=== Section Start ===

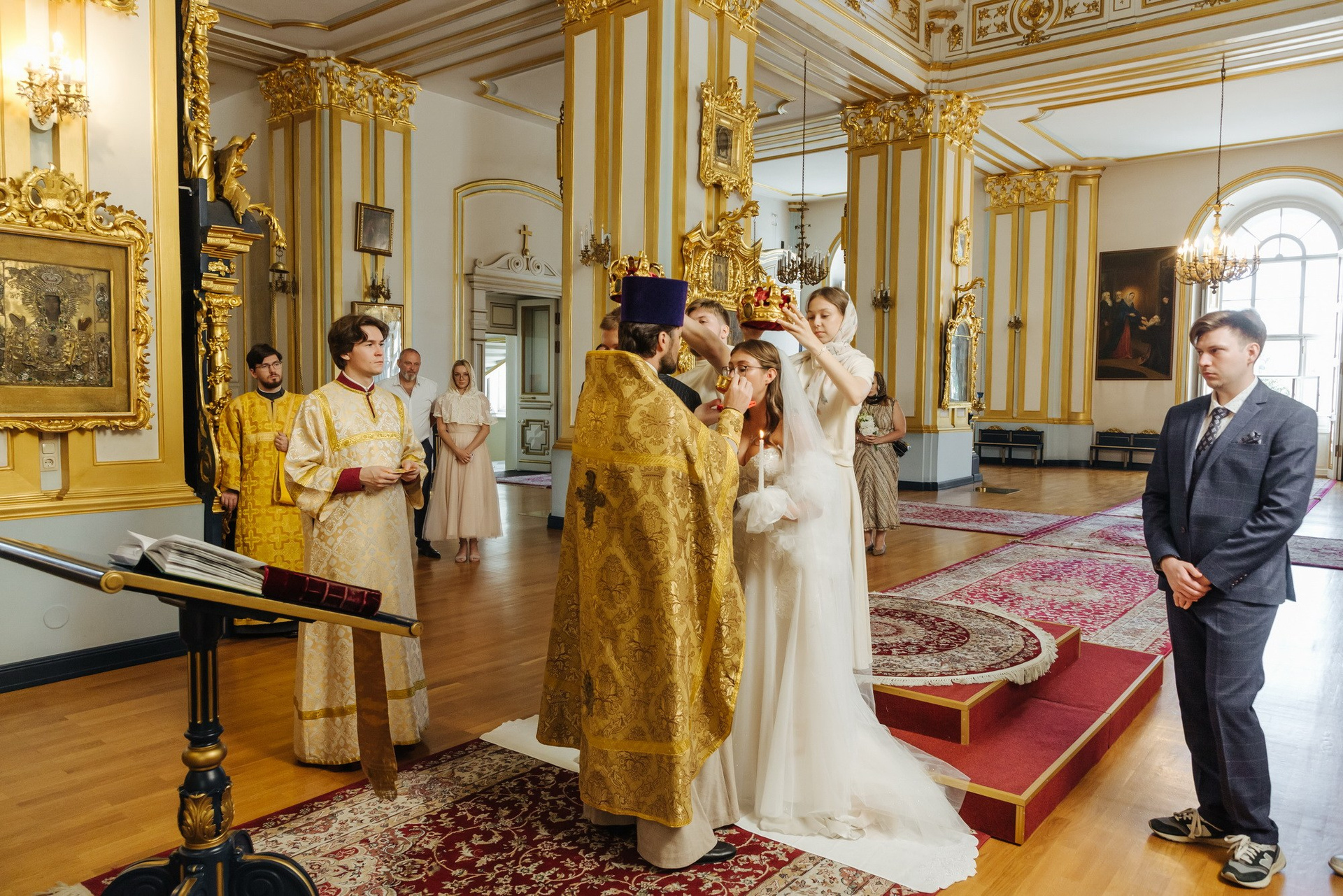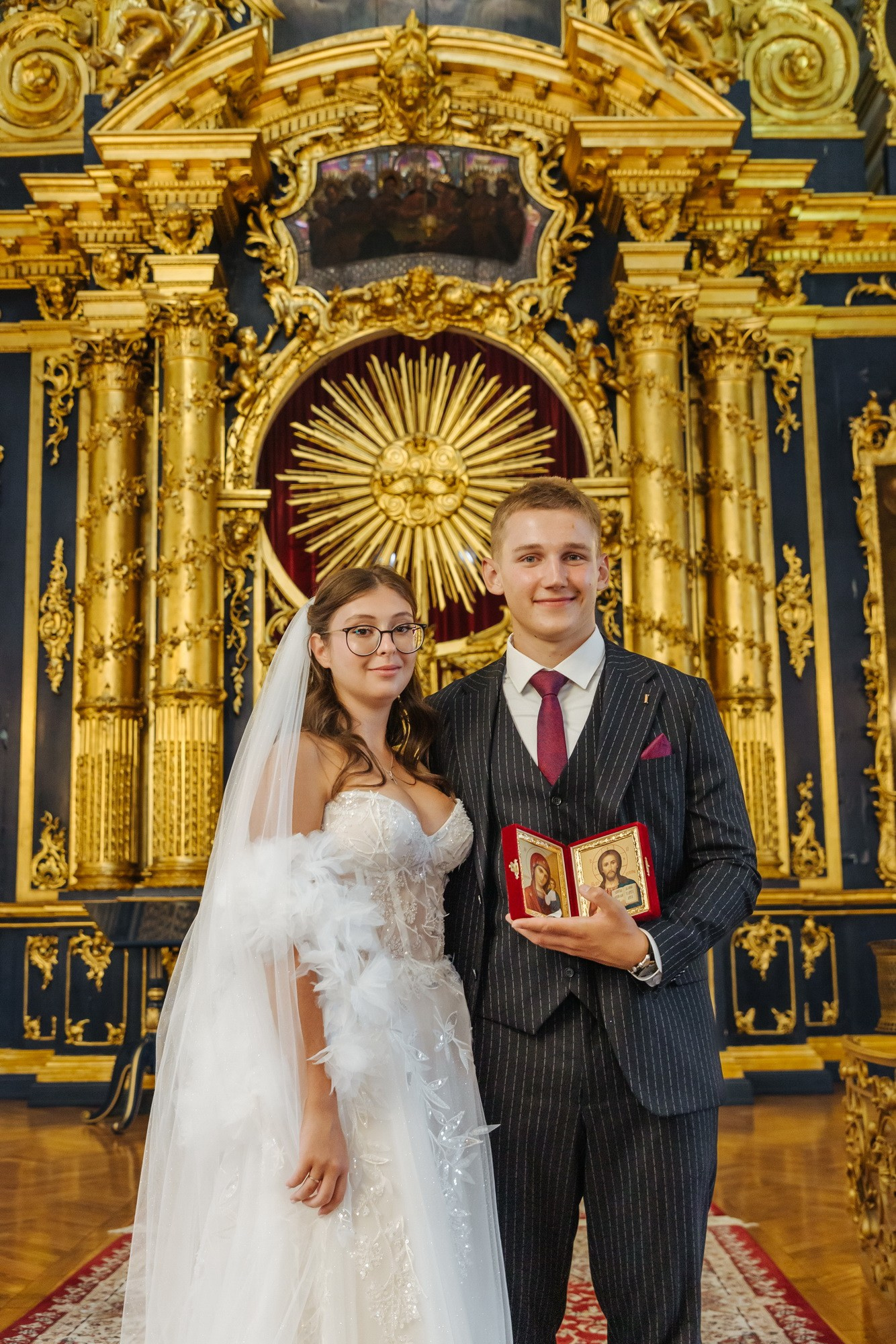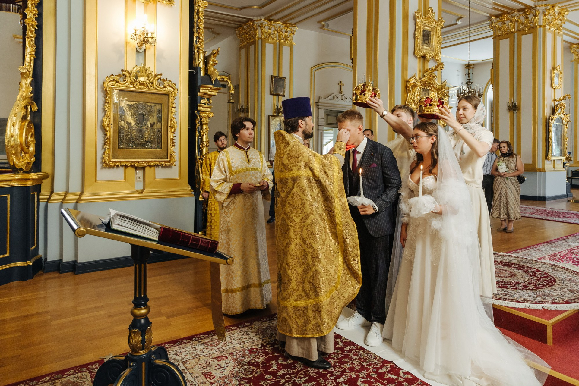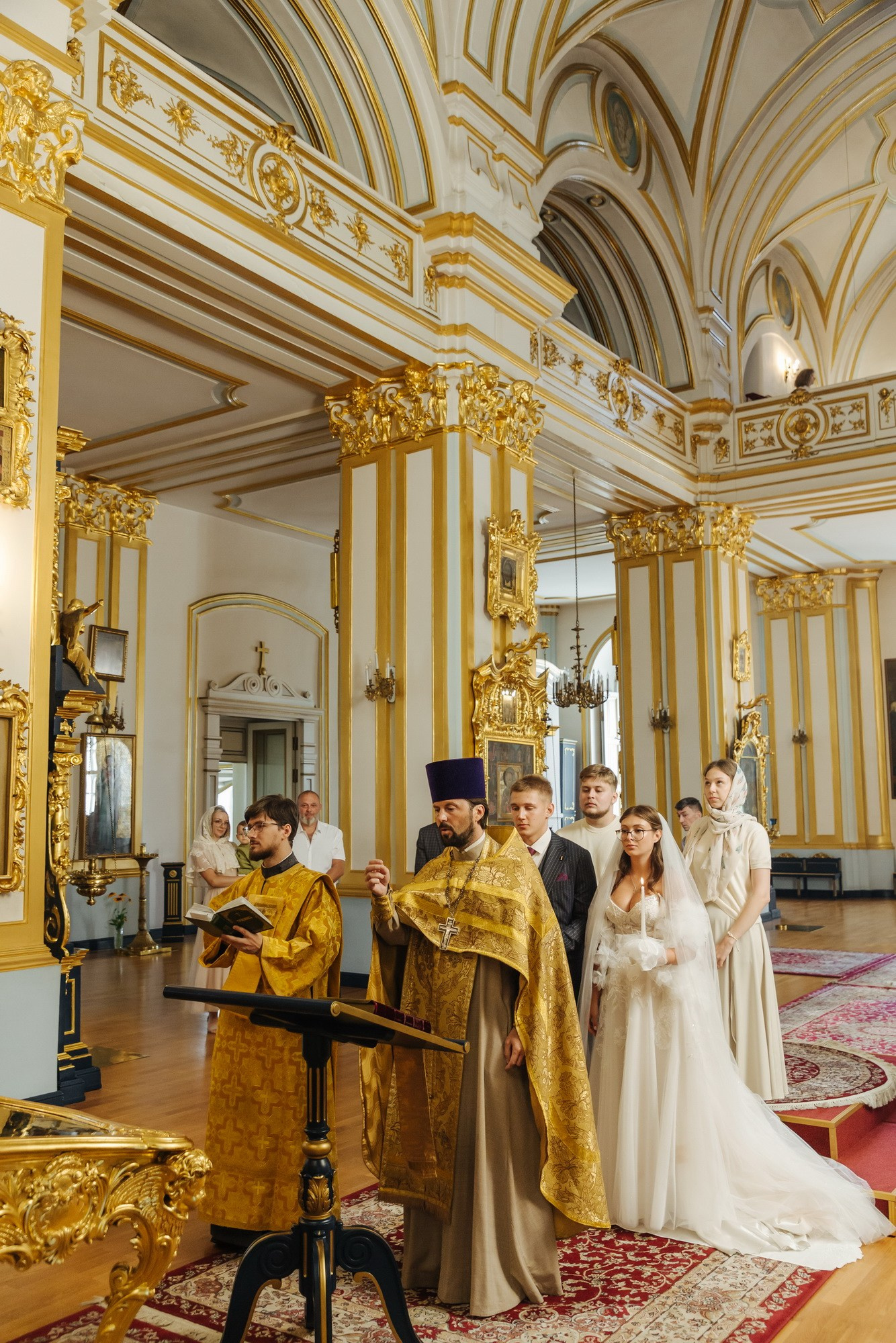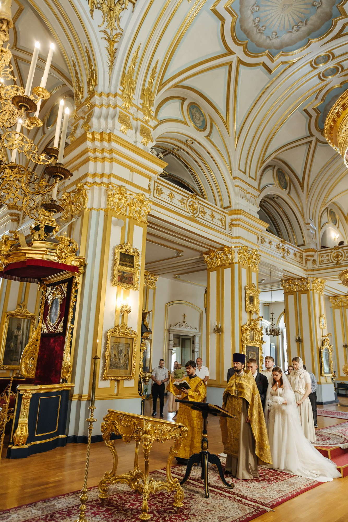 Венчание в Никольском Богоявленском морском соборе, Санкт Петербург. Длительность венчания порядка 40 минут, проходит на втором этаже собора. Полностью закрытое от посещения туристов и прихожан. Стоимость венчания на лето 2025 г было 15 000 руб. Плюс по желанию за доп плату можно организовать звон колоколов после выхода из церкви (актуально, если у вас заказано видео). Есть знакомый батюшка в соборе, который может поспособствовать с проведением венчания и записью.
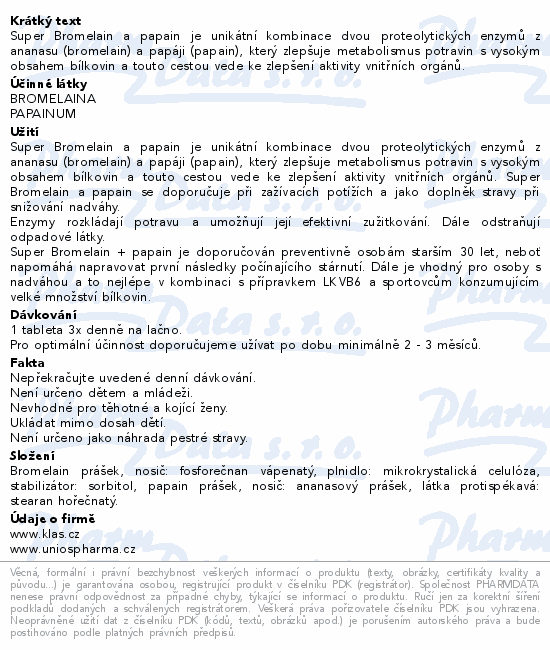 Super Bromelain a papain je unikátní kombinace dvou proteolytických enzymů z ananasu (bromelain) a papáji (papain), který zlepšuje metabolismus potravin s vysokým obsahem bílkovin a touto cestou vede ke zlepšení aktivity vnitřních orgánů.
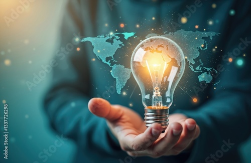 Hand holds light bulb with world map inside. Creative idea concept, innovation for global digital online business, marketing, data management services to target growth. Worldwide tech inspiration.
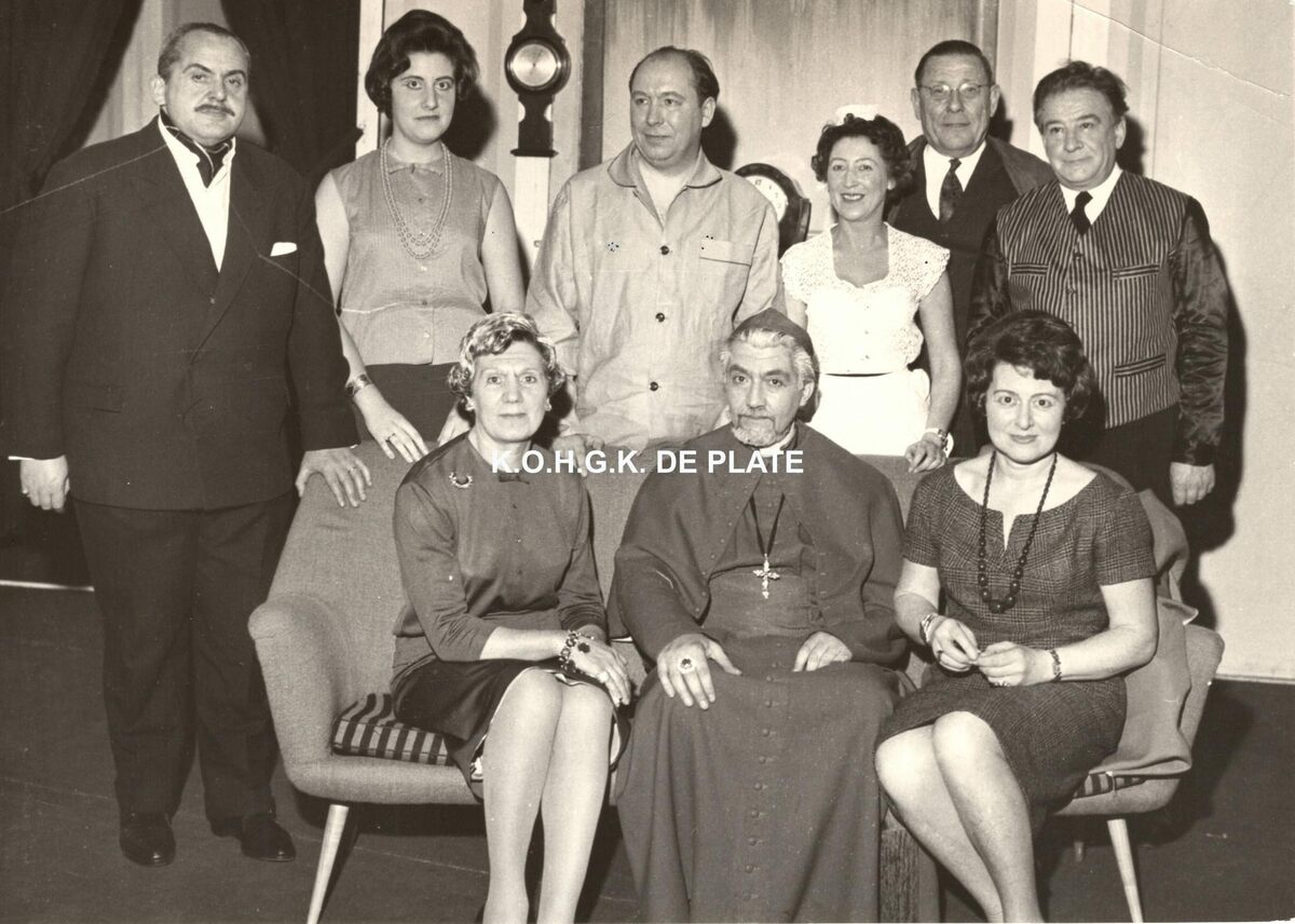 Formaat : 13 x 18 cm. - De toneelspelers van het Conservatoriumtoneel in het toneelstuk "Ik ben er... Ik blijf er" op 31 maart 1962. We zien Octaaf Defoor helemaal rechts op de tweede rij verkleed als butler

=== Section End ===

▶ **WHAT YOU WILL DO**
Keep every word of the data as it is when you write it out, but drop the pictures.

▶ **FINAL ANSWER**
 Венчание в Никольском Богоявленском морском соборе, Санкт Петербург. Длительность венчания порядка 40 минут, проходит на втором этаже собора. Полностью закрытое от посещения туристов и прихожан. Стоимость венчания на лето 2025 г было 15 000 руб. Плюс по желанию за доп плату можно организовать звон колоколов после выхода из церкви (актуально, если у вас заказано видео). Есть знакомый батюшка в соборе, который может поспособствовать с проведением венчания и записью.
 Super Bromelain a papain je unikátní kombinace dvou proteolytických enzymů z ananasu (bromelain) a papáji (papain), který zlepšuje metabolismus potravin s vysokým obsahem bílkovin a touto cestou vede ke zlepšení aktivity vnitřních orgánů.
 Hand holds light bulb with world map inside. Creative idea concept, innovation for global digital online business, marketing, data management services to target growth. Worldwide tech inspiration.
 Formaat : 13 x 18 cm. - De toneelspelers van het Conservatoriumtoneel in het toneelstuk "Ik ben er... Ik blijf er" op 31 maart 1962. We zien Octaaf Defoor helemaal rechts op de tweede rij verkleed als butler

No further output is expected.